This article looks at how performances and performers embody multiple connotations of decadence and sickness. It addresses the discursive production of these connotations, how they work upon and flow between bodies (gendered, queer and ill), and how performers are seen, or choose, to embody metaphors of sickness and decadence in performance. It focuses on the collaborative work of Bob Flanagan and Sheree Rose in the 1990s, and Rose’s collaborations with the British live artist Martin O’Brien in the 2010s, paying particular attention to their staging of queer and sadomasochistic desire as a basis for exploring Flanagan and O’Brien’s experiences of living with (and in Flanagan’s case dying from) cystic fibrosis.
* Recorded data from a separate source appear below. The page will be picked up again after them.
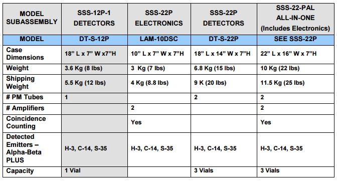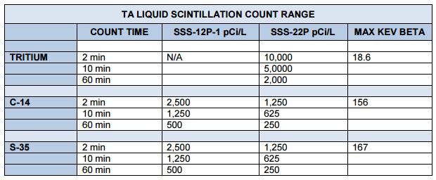 - The SSS-22P also measures Tritium & Exceptional for measuring low levels of Tritium, C-14, & S-35.
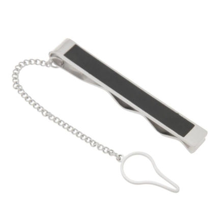 Stilig slipsnål i stål, med matt overflate og sort stripe.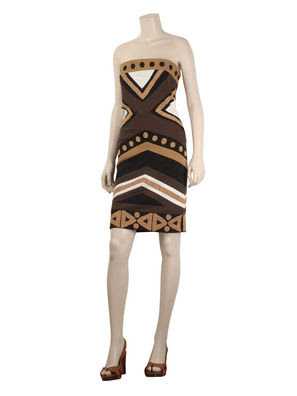- Ariki in Tribal: Fully lined strapless column dress with extensive decorative stitching at bust, waist, and hemline, layered chevrons, and hidden side zip; Material: 70% Rayon/26% Nylon/4% Spandex; Retail price: $1275 (inclusive of sales tax and delivery to me) -- ON SALE! -- US6 is the LAST ONE!

While informed by studies of illness metaphors by the philosopher Susan Sontag, and the literature scholar Barbara Spackman, I argue that an examination of political and cultural discourse over the course of the North American culture wars in the 1980s and 1990s – especially in response to a controversy surrounding the work of performance artist Ron Athey – offers a more instructive context for understanding the conceptual proximity of decadence and sickness, and for studying the ‘sickness’ of performers and performances that right-wing critics claimed were contributing factors to societal and moral ‘decadence’. Moreover, Rose’s collaboration with Flanagan and O’Brien, itself the basis of a queerly decadent genealogy, continues to form a basis for reclaiming alienating and demeaning illness metaphors, going much further than Spackman’s analysis permits in recalibrating how a sick body relates to desires that escape majoritarian preferences. The article concludes with an invitation to recognize how metaphors of sickness elide with reductive notions of health and propriety, and to consider what it might mean to live by metaphors on terms that elude their punitive frames.       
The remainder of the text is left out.